Whether or not the Swiss watch industry is in the midst of a crisis depends on whom you ask.

The pessimists point to Swiss watch exports, which fell 3.3 percent in 2015 to $22.1 billion, the industry’s first full-year decline since 2009. Many believe that 2016 will not be any better: Total exports in January dropped 7.9 percent from the previous year, while exports to Hong Kong and the United States, the Swiss watch industry’s leading markets, plummeted 33.1 percent and 13.7 percent, respectively.

As the trade gathers in Switzerland this week for the Baselworld watch fair, the industry has been further rattled by reports of as many as 350 job cuts coming at Compagnie Financière Richemont — the Geneva-based luxury group that owns eight prestige watchmakers, including Cartier, IWC and Panerai. While the company refuses to say which of its brands will be affected, most, if not all, of the cuts are reported to be coming in Geneva, where the bulk of its watch brands are based.
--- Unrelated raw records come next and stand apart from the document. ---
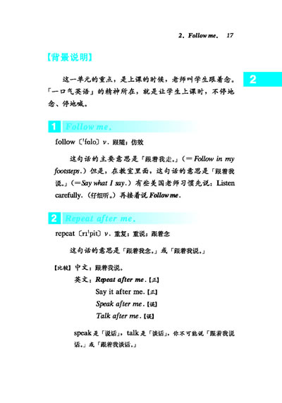 《一口气背教师课堂口语中的108句,都是精挑细选,美国口语中的精华。你只要按照所背的东西来教「一口气英语」,你就可以整堂课都用英语教书了。同样的话讲腻了,可以选择书中的其他句子来代替,或增加一些新句子。
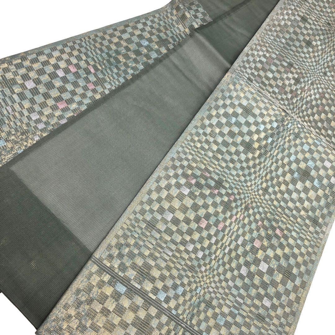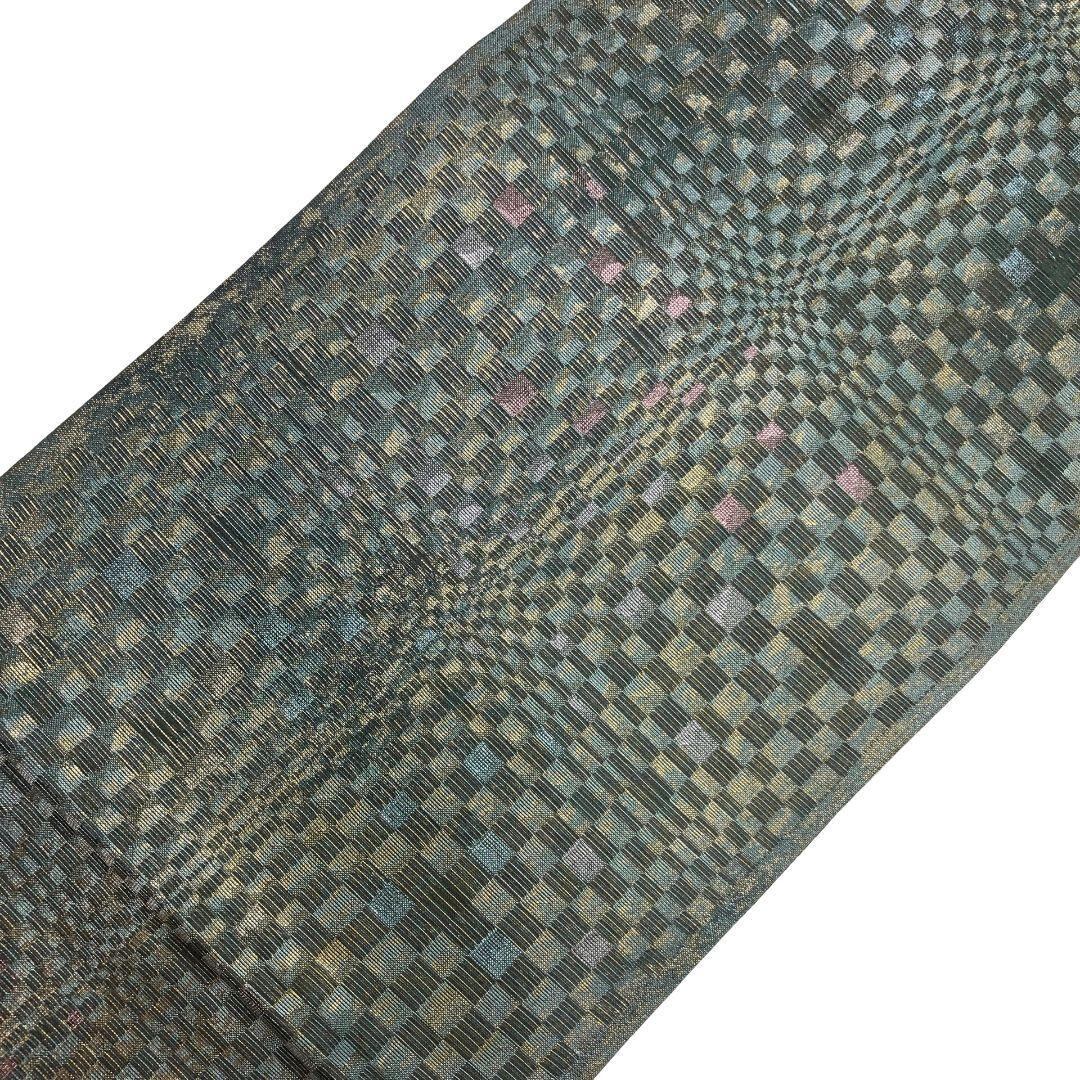 夏帯 袋帯 変わり市松模様 金銀糸 岩緑青色 O-5202 着物 きもの kimono 和服 和装 中古 リサイクル着物 【送料無料】
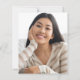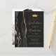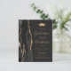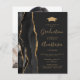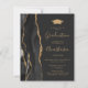 Esta moderna invitación a la fiesta de graduación de 2025 muestra una imagen acuarela de agate geode negro con falsos purpurinas de oro. La palabra "Graduación" y el primer nombre del graduado aparecen en un elegante guión de escritura a mano de color dorado en un fondo no negro, junto con un gorro de mortero de color dorado y detalles de fiesta en sans serif y cursiva. Reemplace fácilmente la imagen de muestra en la parte posterior con una foto vertical del graduado.

The optimists, however, believe that growth is within reach for watchmakers who are willing to embrace new ideas, even those the industry tends to reject out of hand: smartwatches, for example.

“It’s all about continuing to drive newness,” said Efraim Grinberg, chief executive of the Movado Group, which unveiled a new collection last year, Movado Edge, designed by the San Francisco-based industrial designer Yves Béhar, and introduced its first two smartwatches, Movado Motion and Movado Bold Motion.

“I think Apple has brought interest to the category,” he said.

For proof, just look to the numbers. “Last year was very challenging,” said Fred Levin, president of NPD Luxury Practice, a company that tracks high-end watch sales in the United States. Timepiece sales in 2015 did drop by 2 percent, compared with 2014. “But if you include estimates for the Apple Watch — the number sold is somewhere between three million and six million in the States — even at that low number, our industry didn’t decline. It actually increased by over 30 percent.”

Multiple related challenges

A commitment to connected watches notwithstanding, everyone agrees on one thing: The Swiss watch business is facing a constellation of issues, none of which would be overwhelming on its own but which in combination have created the most difficult environment for luxury watch sales since the global financial crisis of 2007-9.

“The big difference between now and then was that the 2009 crisis was quite limited to more or less one problem, even though the whole world was concerned,” said Karl-Friedrich Scheufele, co-president of the Chopard Group.

From the soaring Swiss franc — which has troubled the industry since January 2015, when the Swiss National Bank abruptly removed the artificial cap that kept the franc pegged to the euro for three years — to falling oil prices, which have crippled the Russian economy and taken the steam out of the Middle East market, many issues are “somewhat interconnected,” Mr. Scheufele said.

The outlook for 2016 seems especially bad when compared with the double-digit growth of years past, before China’s economy softened and its government instituted strict anticorruption measures that curtailed high-end watch buying.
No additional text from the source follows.